Frictionless Quickstart

We've made it as bulletproof as possible to boot up the decentralized stack locally.

Prerequisites

  • Docker & Docker Compose
  • Flutter SDK
  • Go 1.21+

⚠️ Crucial Network Note: The Flutter mobile app must connect to the machine's local network IP address (e.g., 192.168.1.X), not localhost! If running on a physical device or emulator, update your config accordingly.

Step 1: Spin up Local OSRM

Start the local offline routing engine.

docker compose -f docker-compose.osrm.yml up -d

Step 2: Run Go P2P Node

Launch the decentralized mesh network daemon.

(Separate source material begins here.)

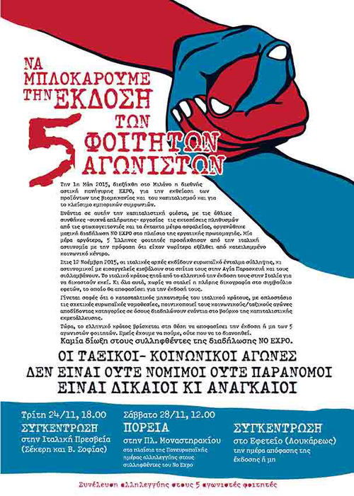 Στις 12/11, ανήμερα της πανεργατικής απεργίας, συνελήφθησαν, μετά από εισβολή στα σπίτια τους στην Αγία Παρασκευή, 5 φοιτητές - 5 αγωνιστές στο φοιτητικό κίνημα, στις συνελεύσεις γειτονιών και στις εργατικές/ταξικές διεκδικήσεις - αφού έχει εκδοθεί από τις ιταλικές δικαστικές αρχές Ευρωπαϊκό Ένταλμα Σύλληψης που απαιτεί την έκδοσή τους στο ιταλικό κράτος. Η απαίτησή τους στηρίζεται σε αβάσιμους και ανυπόστατους ισχυρισμούς ότι οι φοιτητές πήραν μέρος σε επεισόδια κατά τη διάρκεια αντικαπιταλιστικής διαδήλωσης που διοργανώθηκε στο Μιλάνο, με αφορμή την διεθνή έκθεση Expo. Το περιεχόμενο της δικογραφίας δεν έχει γίνει ακόμα γνωστό στο συμβούλιο εφετών που θα πάρει την απόφαση για την έκδοσή τους.

cd backend/p2p-node/ && go run main.go

Step 3: Run Flutter App

Start the responder mobile interface.

cd mobile_app && flutter run

Hackathon Journey & Roadmap

Challenges We Conquered

Building a fully decentralized mesh system is inherently difficult. Our biggest hurdle was guaranteeing CRDT convergence over flaky P2P connections. Ensuring that incident states deterministically matched across all devices—without duplicate or orphaned polygons when reconnecting after signal drops—required intense synchronization logic. We also had to heavily focus on battery drain optimization since constant mesh broadcasting severely impacts mobile devices.

What's Next 🚀

  • Hardware Integration: Extending the P2P layer over LoRaWAN hardware modules to cover massive geographical distances during complete cellular grid blackouts.
  • Drone Node Relays: Integrating aerial drones to act as temporary high-altitude P2P mesh relay points, expanding network coverage to otherwise isolated ground units .

Closing & License

OpenRescue is built with Architectural Sovereignty:

  • 100% Open-Source: Every layer is fully FOSS compliant.
  • No Proprietary APIs: No Google Maps, Firebase, or closed SDKs.
  • Fully Offline: Designed to work where big-tech infrastructure ends.

Licensed under the GPL-3.0 License.
© OpenStreetMap contributors
Hackathon built. Real-world ready.

About

OpenRescue is a fully open-source, offline-first emergency coordination system that uses decentralized P2P mesh networking, offline geospatial routing, and on-device ML triage to function even when internet infrastructure fails — ensuring resilient, sovereign, and community-owned disaster response.